Additionally, there was marked variability in MRI description and techniques used; not all sequences were performed or reported in all cases, and patients were scanned at different magnetic field strength. Sixteen cases (59%) were reported with 1.5 Tesla (T), one case with 3.0T, another case with 0.5T, and the remaining cases did not specify. In several studies, the standard epilepsy protocol of MRI was not followed. For example, a FLAIR sequence was performed in a quarter of cases, whereas T1-weighted imaging was available in less than a third of patients. Topographic details of imaging abnormalities and the information on the associated structural brain lesions were scant. Due to the lack of ictal EEG data, no inferences could be drawn regarding the lateralizing and localizing value of MRI signal changes.

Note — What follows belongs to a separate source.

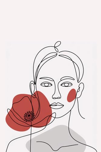 Quaderno A5 a Righe - 108 Pagine, Copertina Morbida Opaca, Design Line Art Poppy, Ideale per Scuola, Ufficio e Scrittura Creativa

Time taken for complete resolution of MRI abnormalities could not be ascertained with certainty due to the lack of serial scanning. Another limitation of this review is the small number of cases that satisfied the eligibility criteria. The 11 papers that were deemed suitable yielded a total of 66 cases, but only 27 cases satisfied the eligibility criteria as we applied those criteria to each individual case to screen for eligibility. The use of these strict eligibility criteria was, however, important for reducing the effect of potential confounders and increasing reliability of the findings. There were no comparator groups among any of the published studies. Therefore, we are unable to draw any conclusions on how to differentiate SRMA from other reversible MRI lesions, such as leptomeningeal vasculitis.

Gaps in knowledge

There are still many unanswered questions in the realm of SRMA. The cause and pathophysiology of SRMA are incompletely understood. Additionally, the association between signal changes and the seizure focus is also not clear, although we were able to make some preliminary deductions based on the limited information available. Furthermore, data on the timing between the seizure and initial appearance and eventual resolution of SRMA remain to be precisely elucidated.

Future directions

A more extensive analysis of the clinical data of SRMA would be possible through prospective studies with larger sample sizes involving multiple seizure types. It would also be beneficial to look at the characteristics of SRMA in different seizure presentations, including status epilepticus and cluster seizures, and study how the underlying aetiology might impact on these findings. It would also be worthwhile evaluating whether SRMA has any value for prognostication and assessment of treatment response through longitudinal studies. Systematic, serial scanning of patients at clearly defined time-points would allow us to more accurately define time frames for both the appearance and resolution of SRMA.

Conclusions

Clinicians should be aware that SRMA describes a heterogeneous collection of radiologic findings with identifiable stereotypic patterns. These changes may be present within hours of seizure onset and appear to resolve in a relatively short time frame in some cases. SRMA are commonly observed in the subcortical layers and the hippocampi, but may also be seen in the cortex and the splenium. Bilateral SRMA may be associated with generalised seizures while unilateral SRMA may be associated with focal seizures and may occur ipsilateral to the seizure focus. Systematic and standardised reporting of clinical and radiologic data is necessary to allow a more accurate definition of the characteristics of SRMA.

Supplementary material

Summary slides accompanying the manuscript and supplementary materials are available at www.epilepticdisorders.com.

Disclosures

We know of no conflicts of interest associated with this manuscript, and there has been no significant financial support for this work that could have influenced its outcome.